I don't have a strong opinion regarding the fixes tag, but would like
to get this sorted as soon as possible.  If you prefer just drop the
fixes tag.  I think this wants backporting to all supported releases,
because it's an issue XenServer has hit on real servers when dom0 is
sized to use 16 vCPUs at most.

Thanks, Roger.

Re: [PATCH 1/2] x86/irq: fix calculation of max PV dom0 pIRQs

Posted by Jan Beulich 1 month ago

On 22.11.2024 09:01, Roger Pau Monné wrote:
> On Thu, Nov 21, 2024 at 12:39:06PM +0100, Jan Beulich wrote:
>> On 21.11.2024 12:04, Roger Pau Monné wrote:
>>> On Thu, Nov 21, 2024 at 11:49:44AM +0100, Jan Beulich wrote:
>>>> On 20.11.2024 12:35, Roger Pau Monne wrote:
>>>>> The current calculation of PV dom0 pIRQs uses:
>>>>>
>>>>> n = min(fls(num_present_cpus()), dom0_max_vcpus());
>>>>>
>>>>> The usage of fls() is wrong, as num_present_cpus() already returns the number
>>>>> of present CPUs, not the bitmap mask of CPUs.
>>>>
>>>> Hmm.

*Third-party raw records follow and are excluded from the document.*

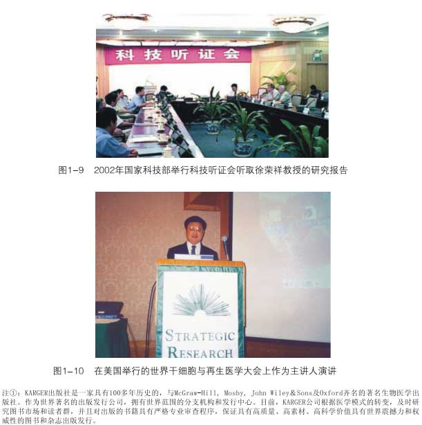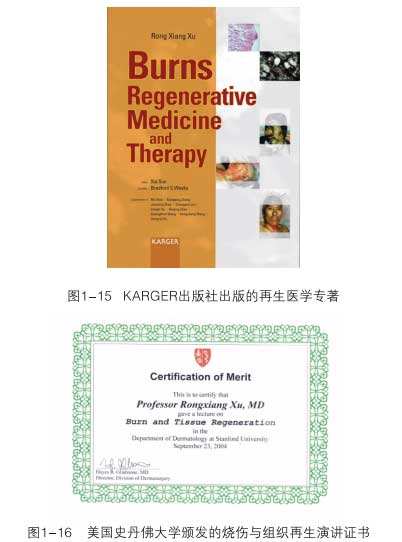 雖然我們在國際國內(nèi)學術(shù)會議上反復(fù)地講解身體內(nèi)由體細胞轉(zhuǎn)化為干細胞的實際規(guī)律,但世界胚胎干細胞研究的狂潮席卷生命科學界,各大學和醫(yī)院都設(shè)立胚胎干細胞研究室,都在按同一個夢想奮進。于是,我們又在2002年8月,搞了一個生命科學大爆炸新聞發(fā)布會,宣布已成功地實現(xiàn)了體細胞轉(zhuǎn)化為干細胞(潛能再生細胞)再克隆器官的全過程,公布了克隆出的組織器官實物,并宣稱5年后完成人類組織器官的全部復(fù)制。國家科技部也組織院士進行了科學聽證會議,隨即,美國舉行的世界干細胞與再生醫(yī)學大會和在新加坡舉行的干細胞大會特約我做嘉賓作如何用體細胞克隆組織器官、和臨床如何用于治療創(chuàng)傷和胃腸潰瘍疾病的專題演講。2004年,世界三大醫(yī)學文獻出版社之一的瑞士KARGER出版社①正式出版了我的再生醫(yī)學英文專著《燒傷再生醫(yī)學與療法》,封底書評介紹,這是一本用臨床應(yīng)用實踐陳述普通細胞原位再生皮膚器官過程的書,對細胞生物學、干細胞研究、免疫學研究等,都有著極其重要的價值。出版社為了對大家的科學研究產(chǎn)生有利的作用,在出版社的網(wǎng)站上寫道:這是一本“革命性的和令人驚奇的”著作。這樣的呼吁,在世界范圍內(nèi)產(chǎn)生了較大的影響,比如德國、英國、美國等國知名的生命科學家專程來華與我們交流干細胞的研究,瑞典科學委員會委托國家電視臺專程來華采訪。美國史丹佛大學特約去大學作專題學術(shù)報告,美國哈佛大學皮膚學教授們專程到家里進行學術(shù)交流。
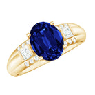 Capture the heart of your beloved with the breathtaking Solitaire Ring. This extraordinary ring features an exquisite Oval Cut Created Blue Sapphire, delicately set in a four-prong setting alongside shimmering Diamond stones. This statement ring is a true masterpiece and an essential addition to any jewelry collection.
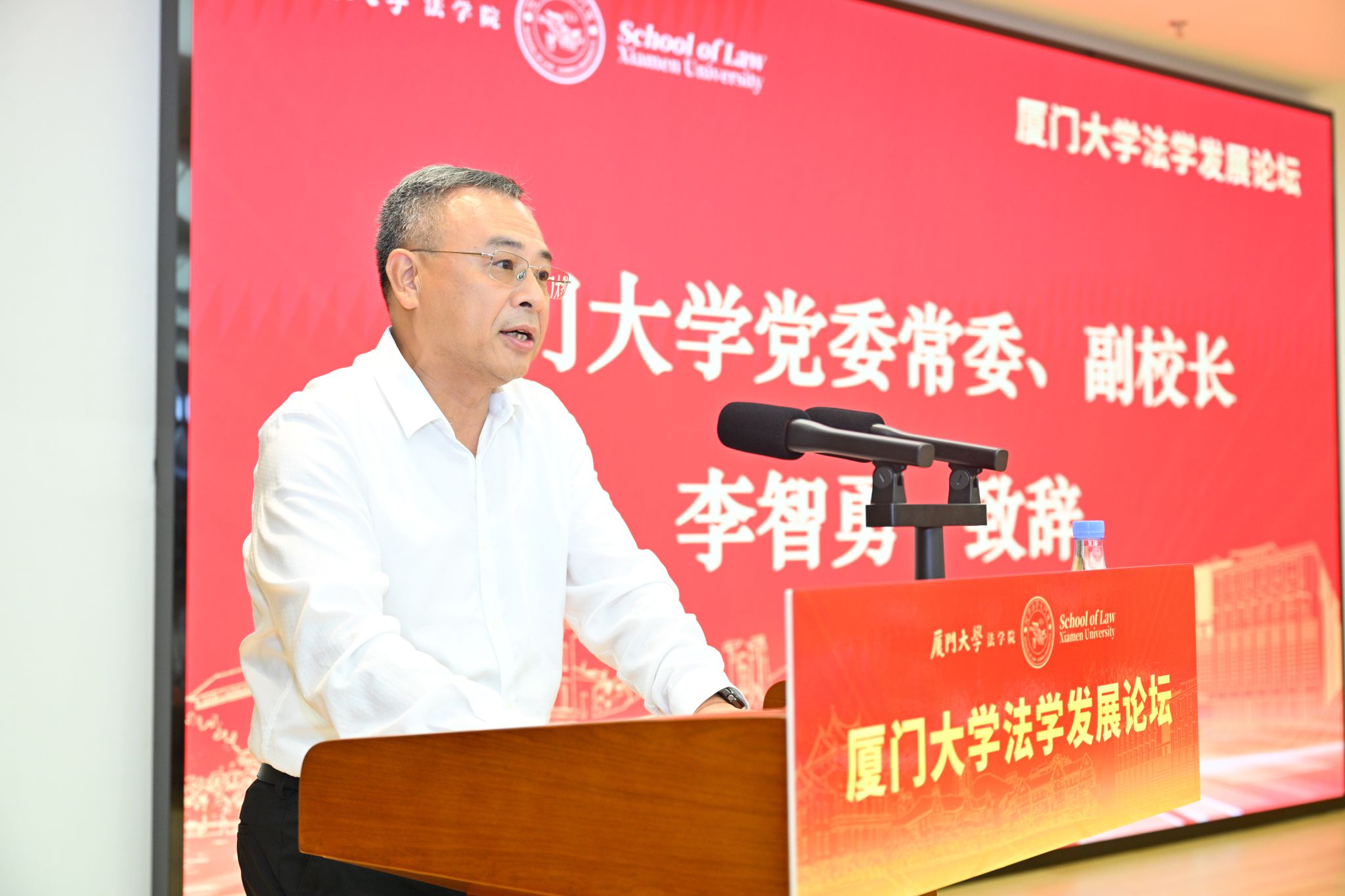 李智勇在致辞中指出,厦门大学法科于1926年应运而生,是中国近代法学教育在东南沿海的重要发源地,在近百年的办学历程中,逐步成为我国法学教育研究重镇和涉外法治人才培养的重要基地。他强调,厦门大学将深入贯彻落实习近平法治思想,将社会主义法治建设的经验转化为优质的育人资源,不断推动法学教育、法学理论研究及法学学科改革创新,着力培养高素质法治人才,为完善中国特色社会主义法治体系、建设社会主义法治国家提供支撑。
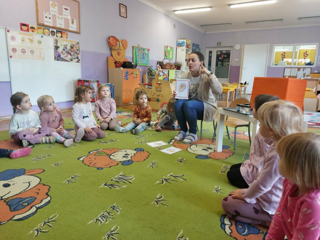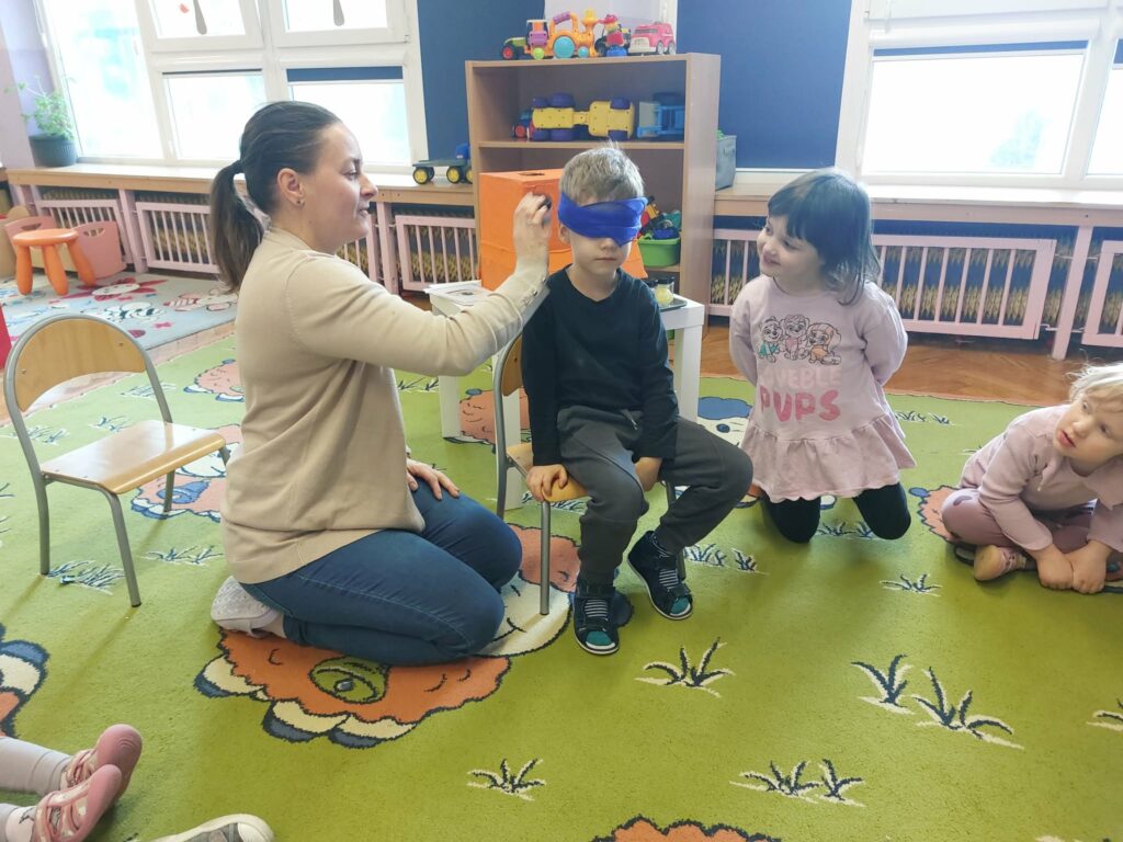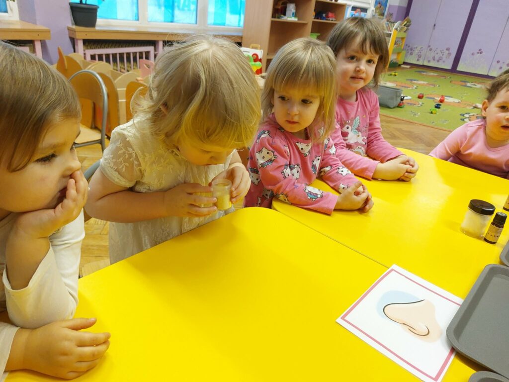 5 zmysłów mam i wszystkie znam! – słowa tej piosenki towarzyszyły nam w ostatnich tygodniach, podczas których nasze najmłodsze przedszkolaki uczestniczyły w zabawach rozwijających zmysły. Misie dowiedziały się, że zmysły to takie nasze okno na świat – dzięki nim go poznajemy: widzimy, słyszymy, czujemy, smakujemy i wąchamy. Podczas zajęć rozwiązywały zagadki słuchowe, zagadki dotykowe oraz węchowe. Było dużo dobrej zabawy.
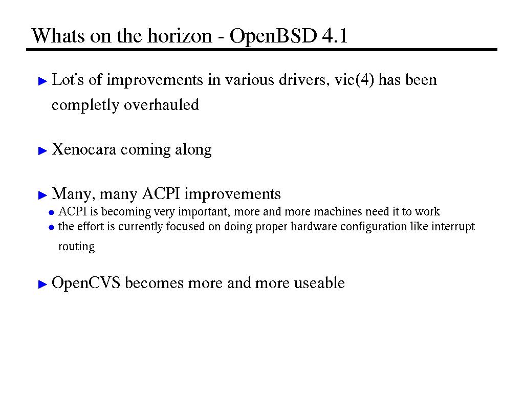 Page 20: Whats on the horizon - OpenBSD 4.1

Perhaps that use of fls() should have been accompanied by a comment, but
>>>> I think it might have been put there intentionally, to avoid linear growth.
>>>> Which isn't to say that I mind the adjustment, especially now that we don't
>>>> use any clustered modes anymore for I/O interrupts. I'm merely questioning
>>>> the Fixes: tag, and with that whether / how far to backport.
>>>
>>> Hm, sorry I've assumed the fls() was a typo.  It seems wrong to cap
>>> dom0 vCPUs with the fls of the present CPUs number.  For consistency,
>>> if the intention was to use fls to limit growth, I would have expected
>>> to also be applied to the dom0 number of vCPUs.
>>
>> FTR: My vague recollection (it has been nearly 10 years) is that I first had
>> it there, too. Until I realized that it hardly ever would have any effect,
>> because of the min(). And for Dom0-s with extremely few vCPU-s it seemed
>> reasonable to not apply that cap there.
> 
> I don't have a strong opinion regarding the fixes tag, but would like
> to get this sorted as soon as possible.  If you prefer just drop the
> fixes tag.  I think this wants backporting to all supported releases,
> because it's an issue XenServer has hit on real servers when dom0 is
> sized to use 16 vCPUs at most.

In which case yes, I guess we want to keep the Fixes:.

Jan

Re: [PATCH 1/2] x86/irq: fix calculation of max PV dom0 pIRQs

Posted by Andrew Cooper 1 month ago

On 20/11/2024 11:35 am, Roger Pau Monne wrote:
> The current calculation of PV dom0 pIRQs uses:
>
> n = min(fls(num_present_cpus()), dom0_max_vcpus());
>
> The usage of fls() is wrong, as num_present_cpus() already returns the number
> of present CPUs, not the bitmap mask of CPUs.
>
> Fix by removing the usage of fls().
>
> Fixes: 7e73a6e7f12a ('have architectures specify the number of PIRQs a hardware domain gets')
> Signed-off-by: Roger Pau Monné <roger.pau@citrix.com>

Yeah, that fls() fails the dimensional analysis sniff test.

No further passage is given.